Five athletes completed individual doubles at the tournament. On the boys' side, Omani Abdullah Al-Sooli won a 100 metres/200 metres short sprint double and Abdalaati Iguider of Morocco took both middle-distance titles. On the girls' side, Nawal El Jack of Sudan won both the 400 metres flat and 400 metres hurdles, Jordan's Rima Taha won both horizontal jumps, and Egypt's Sara Es Sayed Hassib Dardiri won the shot put and discus throw.

The host nation Morocco easily topped the table with a total of fourteen golds among its 42 medals. The Next most successful nations were Egypt, with six gold medals, and Sudan, with five gold medals from its haul of 17. Saudi Arabia and Algeria were the other stand-out nations, having each won thirteen medals. A total of twelve nations reached the medal table.
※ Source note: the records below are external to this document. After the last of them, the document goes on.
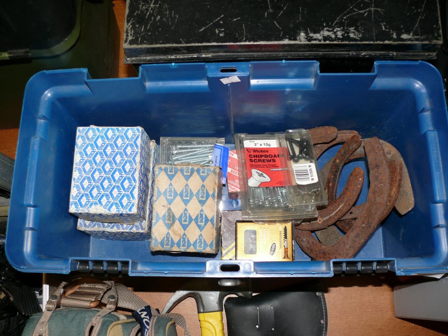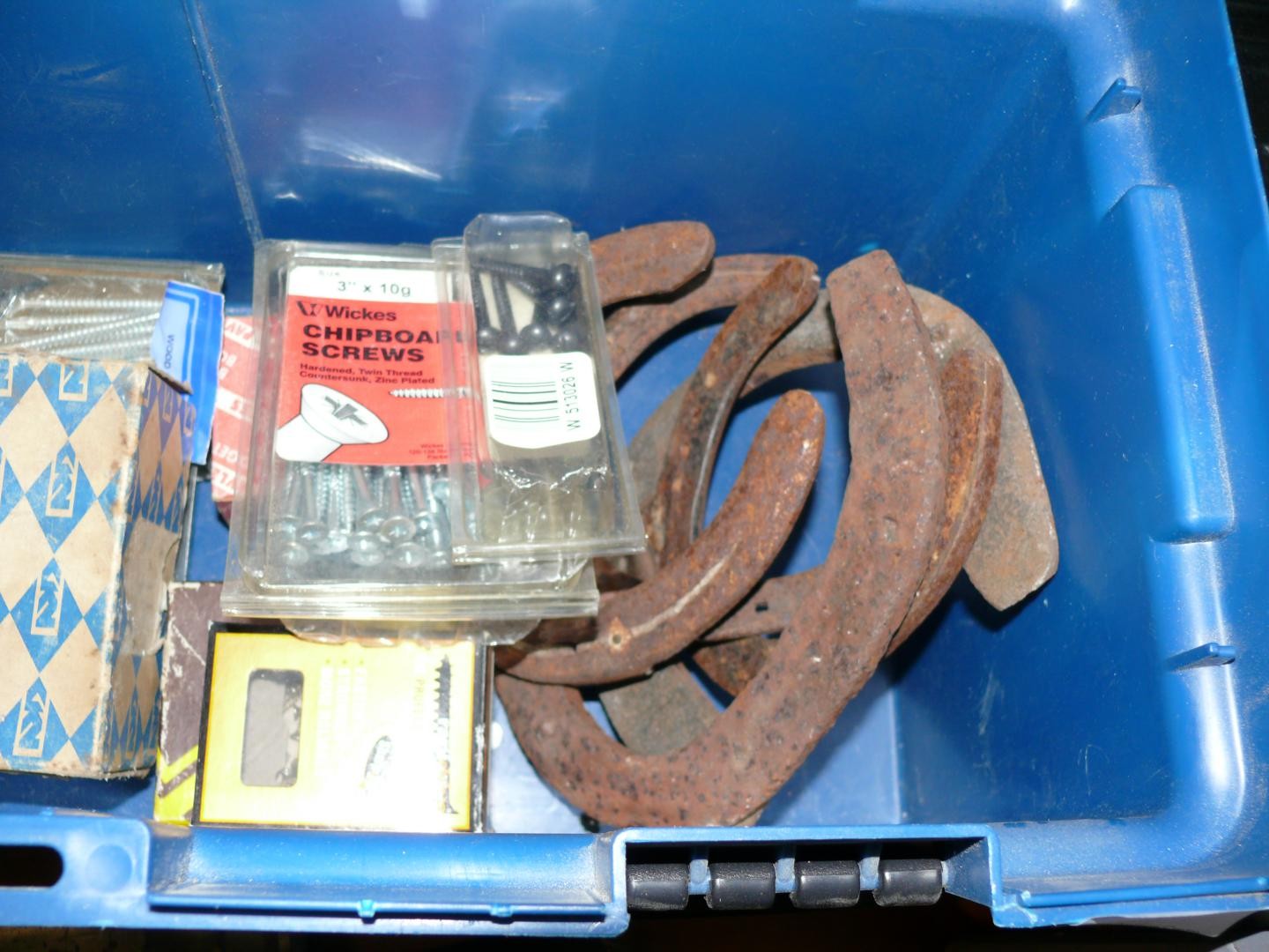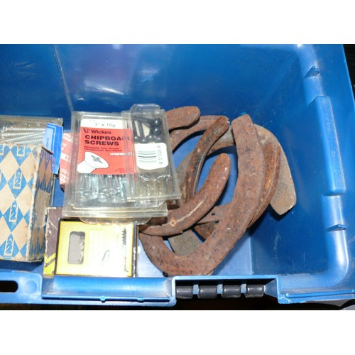 TUB OF SCREWS AND VINTAGE HORSE SHOES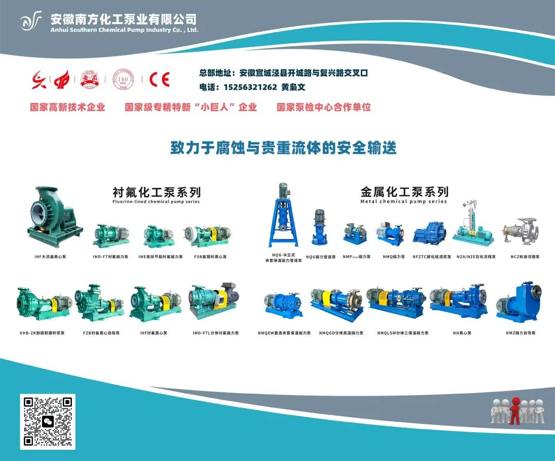 安徽南方化工泵业有限公司创建于1999年,是一家专业生产化工泵的国家高新技术企业和国家级专精特新“小巨人”企业,集研发、生产、销售、服务于一体。公司产品广泛应用于石油化工、煤化工、有色冶炼、新能源、医药、环保、钒矿锂矿等领域。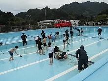 PTA奉仕作業を終わった後、残ってくださった保護者と子どもたちとでプール清掃を行いました。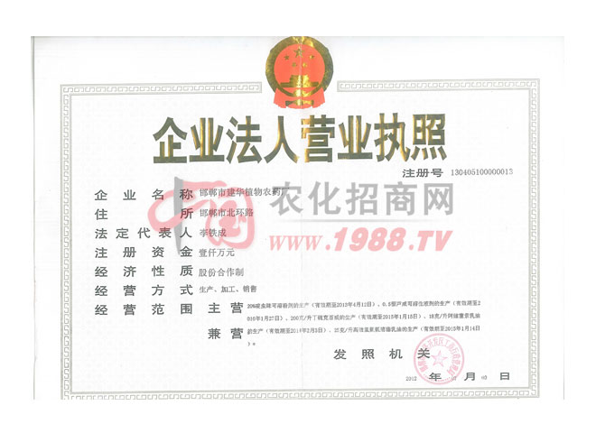 邯鄲市建華植物農(nóng)藥廠,位于邯鄲市北環(huán)西路,緊鄰107國道,交通方便,地理位置優(yōu)越。公司創(chuàng)建于1999年,基礎(chǔ)設(shè)施齊全、檢測手段先進(jìn),是人民共和國農(nóng)業(yè)部批準(zhǔn)的農(nóng)藥定點(diǎn)生產(chǎn)企業(yè),專業(yè)從事高效、低毒、環(huán)保的高新農(nóng)藥制劑的研發(fā)和生產(chǎn),特別著力于對植物新生病害及農(nóng)藥新元素的研究和開發(fā)應(yīng)用。主要產(chǎn)品有殺菌劑、殺蟲劑、植物生長調(diào)節(jié)劑三大系列。公司擁有一支精干崇德、務(wù)實(shí)創(chuàng)新的開拓團(tuán)隊(duì),在立足三農(nóng)、立足市場、立足客戶的基礎(chǔ)上,實(shí)力規(guī)模不斷擴(kuò)大,在對引發(fā)多種植物癌癥的類菌原體(簡稱MLO)研究中首開國內(nèi)先河,成功研制出有效防治藥劑---“綠威源”系列產(chǎn)品,填補(bǔ)了我國這一植保技術(shù)領(lǐng)域的空白。我們專門成立了(建華植保)這個(gè)部門,結(jié)合多種國內(nèi)外先進(jìn)技術(shù)和優(yōu)質(zhì)產(chǎn)品,是為了更好的服務(wù)和指導(dǎo)農(nóng)民朋友種好經(jīng)濟(jì)作物等高收入產(chǎn)品,提高產(chǎn)值和栽培管理技術(shù)。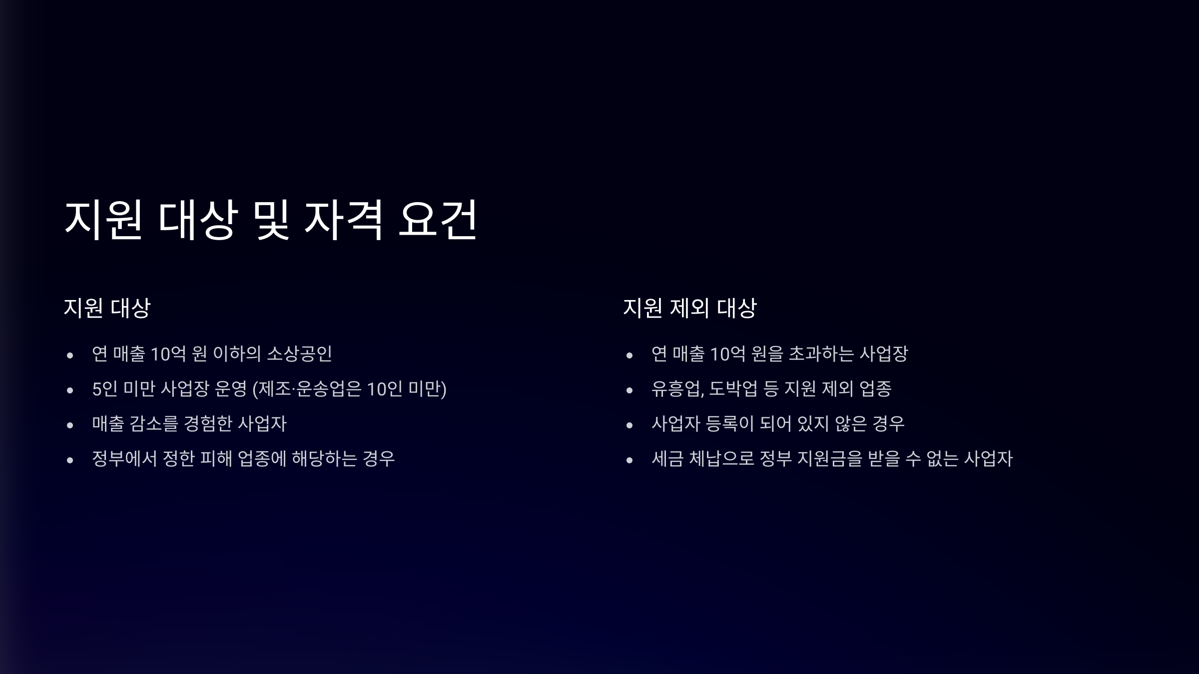 소상공인 지원금을 받으려면 지원 대상 요건을 충족해야 해요. 정부는 사업 규모, 업종, 매출 감소 여부 등을 기준으로 지원 대상을 정하고 있어요.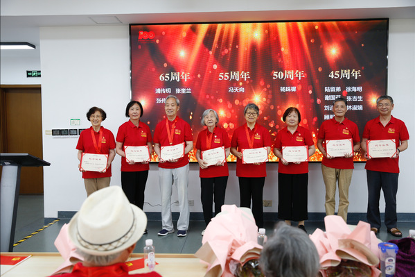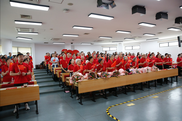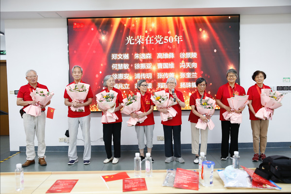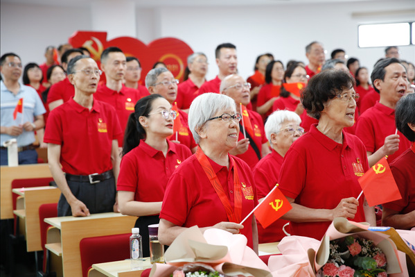 不忘初心、接续奋斗;牢记使命,砥砺前行,h动漫 党委继承学科发展历史文脉,传承前辈们的优良传统和伟大精神。今年,党中央决定首次颁发“光荣在党50年”纪念章,学院邀请党龄达到50周年的老同志来到会场,由学院党委委员侯敏跃老师为他们颁发纪念章,青年师生代表送上鲜花。台上老同志们分享感受体会,纷纷表示要永远跟党走,继续为党的伟大事业贡献力量。入党68周年的高维彝老师热情歌唱,唱出对党的无限热爱;曾参加过抗美援越、入党51周年的郑琼如老师用英语高唱《国际歌》,引发全场热烈的掌声。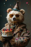 Een beer in jaren 60/70 discokleding houdt een verjaardagstaart vast en draagt een feestmuts en coole zonnebril.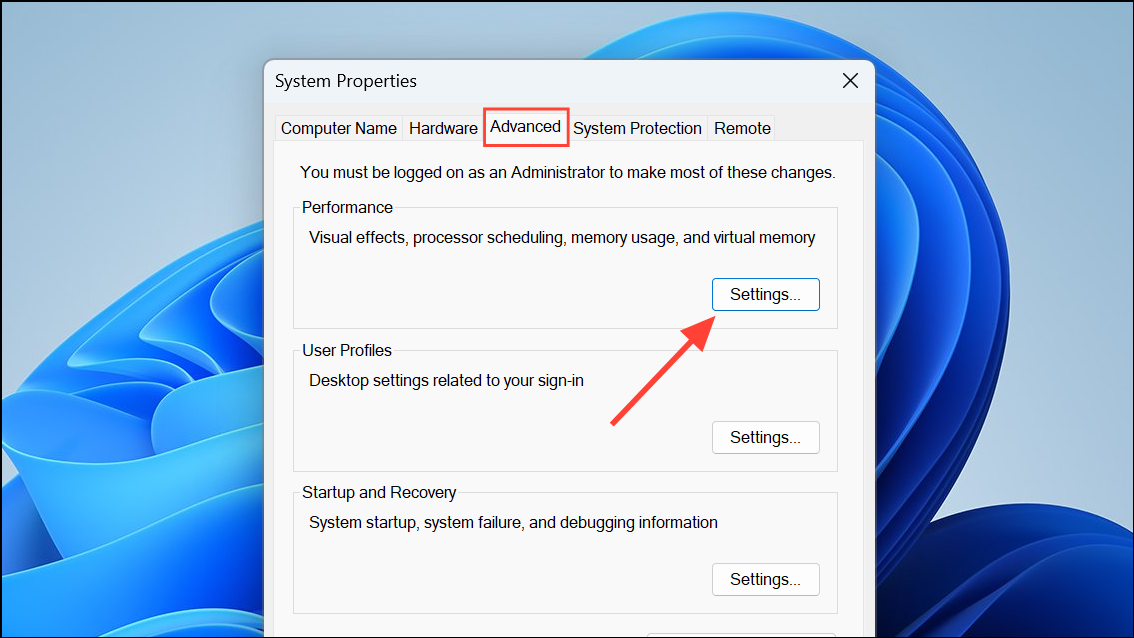 Step 2: On the Advanced tab, click the Settings button in the Performance section.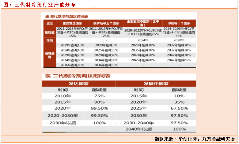 因为一二代制冷剂对地球臭氧层具有破坏左右,所以国际上现在,一代制冷剂已经不给生产销售,二代制冷剂也在逐步消减配额,到2030年也将完全禁止生产销售。当下时间点,制冷剂行业的优秀公司正处在行业变革期,可以重点提高关注。

The competition was held in the same year as the 2004 Arab Junior Athletics Championships. The youth event subsequently became a biennial event held in odd-numbered years, in order to avoid the schedule clash. Three champions from the youth championships also won an Arab junior title that year, all from the throw events: Mostafa Abdul El-Moaty won the shot put titles, Yasser Mohamed Ali Hassan had a javelin throw double, and Iman Mohamed El Ashri was twice hammer throw winner. Four of the medallists here went on to win individual medals at the 2005 World Youth Championships in Athletics: Adam El-Nour turned his Arab youth 400 m to a world gold, Nawal El Jack won the girls' 400 m world title, while Arab boy's 400 m hurdles medallists Abdulagadir Idriss and Mohammed Daak were first and second at the global event.

Medal summary

Men

Women

Medal table

References

Results
Pan Arab Youth Championships. GBR Athletics. Retrieved on 2015-05-25.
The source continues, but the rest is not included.